_Exercise data_
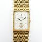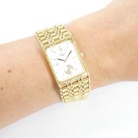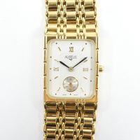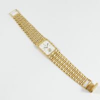 AUREUS : Bracelet - montre de dame en or jaune 750 mil., boîtier rectangulaire, cadran à fond blanc, chiffres romains et index bâton. (Dim. : 28 x 23 mm environ). Bracelet à maille articulé. Mouvement quartz. (Tour de poignet : 19 cm environ). Poids brut : 69g
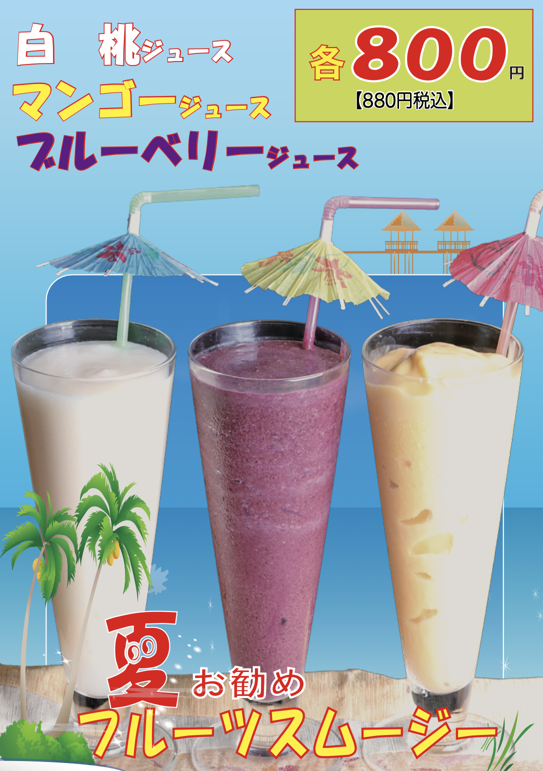 ■◇■ 夏季限定メニュー ■◇■  濃厚なフルーツスムージー=白桃=マンゴー=ブルーベリー=お食事後のお口直しにもおすすめです
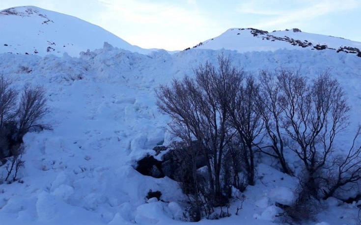 Στην φωτογραφία που ακολουθεί φαίνεται η περιοχή μετά τη χιονοστιβάδα κοντά στο οροπέδιο Νιάτο
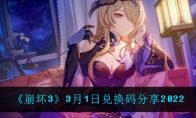 崩坏3的官方会不定期发放一些兑换码供大家领取奖励,很多小伙伴都很想知道最近新发布的3月1日兑换码内容是什么,今天小编给大家带来了《崩坏3》3月1日兑换码分享,感兴趣的小伙伴一起来看看吧。《崩坏3》3月1日兑换码分享无瑕之钥礼包:UA6LLQYRZBMT礼包内容金币*20000、体力药水*2、特级学习芯片*3兑换时间有效期至2022年3月5日0:00小贴士:同名礼包每个账号仅限领取一次,兑换码有使用期限,请舰长尽快领取!以上就是小编整理的关于《崩坏3》3月1日兑换码分享的全部内容,更多游戏攻略请持续关注3DM手游网!

_Problem description_
Output the listing above exactly, pictures omitted.

_Output below_
 AUREUS : Bracelet - montre de dame en or jaune 750 mil., boîtier rectangulaire, cadran à fond blanc, chiffres romains et index bâton. (Dim. : 28 x 23 mm environ). Bracelet à maille articulé. Mouvement quartz. (Tour de poignet : 19 cm environ). Poids brut : 69g
 ■◇■ 夏季限定メニュー ■◇■  濃厚なフルーツスムージー=白桃=マンゴー=ブルーベリー=お食事後のお口直しにもおすすめです
 Στην φωτογραφία που ακολουθεί φαίνεται η περιοχή μετά τη χιονοστιβάδα κοντά στο οροπέδιο Νιάτο
 崩坏3的官方会不定期发放一些兑换码供大家领取奖励,很多小伙伴都很想知道最近新发布的3月1日兑换码内容是什么,今天小编给大家带来了《崩坏3》3月1日兑换码分享,感兴趣的小伙伴一起来看看吧。《崩坏3》3月1日兑换码分享无瑕之钥礼包:UA6LLQYRZBMT礼包内容金币*20000、体力药水*2、特级学习芯片*3兑换时间有效期至2022年3月5日0:00小贴士:同名礼包每个账号仅限领取一次,兑换码有使用期限,请舰长尽快领取!以上就是小编整理的关于《崩坏3》3月1日兑换码分享的全部内容,更多游戏攻略请持续关注3DM手游网!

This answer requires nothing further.